Lakewood is slowly transitioning to recreational pot, with five of the city's ten existing medical dispensaries approved for retail sales on April 13, according to Lakewood licensing specialist Jessica Claussen. However, those stores are still working toward a retail launch.
Since Colorado legalized recreational cannabis in 2014, Lakewood has only permitted medical dispensaries, but that changed in November, when voters approved recreational dispensaries within city limits through a citizen-initiated ordinance.
Dispensary chains Ascend Cannabis, Golden Meds, Kaya Cannabis, Levels and the Clinic have all been approved for retail marijuana sales, with licenses and modification permits slowly rolling out, according to Claussen.
Although only five stores have been approved so far, the remaining dispensaries are making sure they don't lag behind. Lakewood only allows existing medical dispensaries in good standing to apply for retail marijuana licenses, and building modification permits are required to separate recreational and medical marijuana sales for businesses that choose to serve both.

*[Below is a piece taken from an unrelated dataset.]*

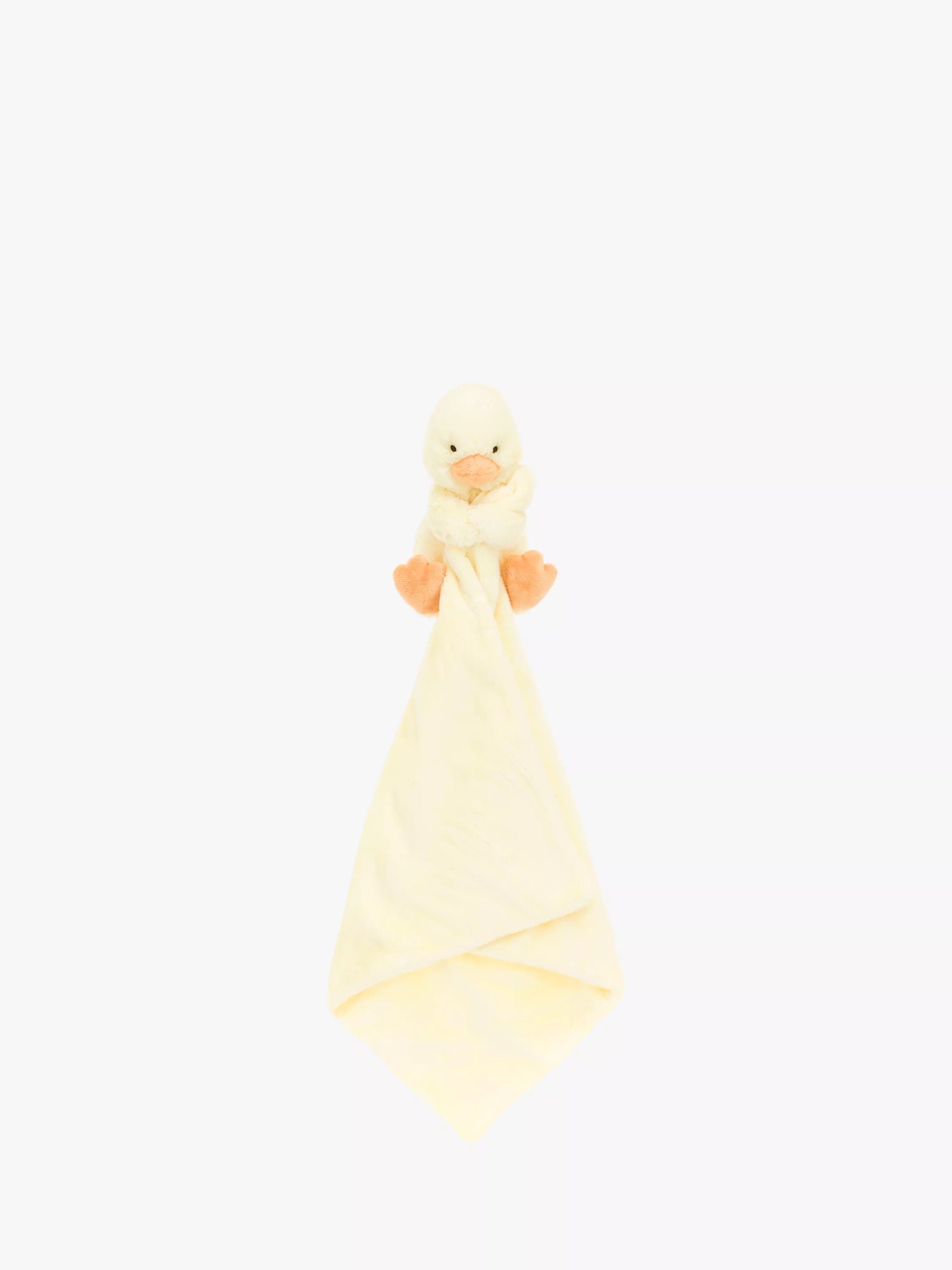 Sweet, gentle Bashful Duckling Soother is a perfect newborn gift, rolled up and presented in a Baby Jellycat grosgrain ribbon. Featuring our most loved farmyard friend, soft in a pale yellow fur made from recycled fibers and holding on tight to a smooth, un-stuffed square shaped soother; a simply gorgeous cuddle companion.

Recreational cultivation is also permitted under the ordinance, and Lakewood Public Information Officer Stacie Oulton anticipates heavy interest among business operators.
Ascend Cannabis, a medical dispensary in Lakewood since 2010, recently opened one of Littleton’s first retail marijuana dispensaries but is still waiting on approval from Lakewood to modify its current medical dispensaries for recreational sales, according to owner Scott Embree.
"It could be a long process due to COVID, since the city doesn't have many people overlooking [permits] at the moment," he explains. "It's about time."
The Clinic has been serving medical marijuana patients in Lakewood since 2014, and has plans to add additional 200 square feet for recreational sales to its existing facility, according to marketing representative Lauren Carter.
"We’ve always prided ourselves on being a great medical cannabis provider, and are excited to serve new recreational consumers in the neighborhood, as well," Carter says.
Of Lakewood's five other medical dispensaries that weren't on the first list of approved licenses, three have already applied or are still in the process. Cross Genetics is close to finishing an application for a retail sales license, according to the company, and plans to buy the building next door to expand the cultivation for a recreational permit.
Ajoya plans to apply for a retail license, as well, but is still designing plans for an entirely new Lakewood property that will include retail sales. According to Ajoya business consultant Kate Heckman, modifications to the new space will take a few more months, and the dispensary hopes to reveal its new location to the public soon. Features like a community garden, exterior artwork and murals and a potential drive-thru option are being discussed. "We're really looking at a forward-thinking way of approaching the expansion," she says.
Nate Gentry, general manager at Leiffa, says the dispensary plans to continue serving medical marijuana to eighteen-and-older medical patients, but adds that Leiffa is moving forward with recreational applications, too, which would require building modification. Leiffa hopes to continue operating at its current facility, with a new floor plan and other minor modifications being discussed, he explains.
"We've seen what recreational cannabis has done for Colorado, and we hope it will do the same for Lakewood," Gentry says. "We're very excited to see what the market will look like here."